Como disidente, Klopfleisch luchó por encontrar trabajo en Alemania Oriental. Terminó limpiando baños, aunque luego fue electricista. En 1986, él, su esposa y su hijo solicitaron emigrar. Su amada casa de verano, donde veían fútbol occidental en la televisión por la cercanía a la otra Alemia, fue confiscada y luego entregada a un agente de la Stasi. Por eso mismo, por ver fútbol occidental. Y por supuesto, su Hertha.

Helmut, en un homenaje por parte del Hertha hace cuatro años

Huye y sé feliz

A principios de 1989, las autoridades le dijeron repentinamente a Klopfleisch y otros disidentes que emigraran de inmediato. Pidió quedarse unos días más: a su madre enferma le quedaban pocas horas de vida. La Stasi respondió: “Unas pocas horas, lo sabemos. O te vas hoy o nunca”. Él se fue, ella murió y no se le permitió regresar al funeral. Eso todavía le duele.

Vivió con su familia en un campo de refugiados mientras colapsaba la farsa comunista de la Alemania Oriental. Mitigaba el dolor con poder asistir (por fin) a su querido estadio, a aupar a su equipo.

El muro cayó en noviembre de 1989 y al siguiente partido del Hertha, el estadio se llenó con 55.000 personas aun estando en segunda división y tras años de haber coqueteado con la quiebra.

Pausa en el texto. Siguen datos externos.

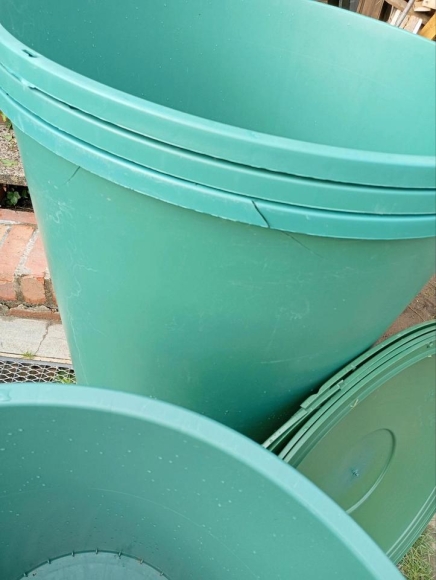 Regentonne mit Deckel,neu ,sind beim Transport leicht gebrochen am Rand und die Deckel.... 1 × 2,40 und 3× 300 l

Verdaderamente, todo Berlín, este y oeste, fueron a ver al Hertha. Fue el primer reencuentro verdadero de la capital alemana.

Lo último que sabemos de este hincha de 72 años es que disfruta viajar, cada vez que puede. Es feliz, con la libertad, con la alegría de poder ir a ver a su equipo. Disfruta los reportajes y entrevistas que le realizan, pero aún tiene la molestia de que no se hizo justicia. Los que esclavizaron y sometieron a toda una nación siguieron libres, algunos murieron tranquilos en una cama.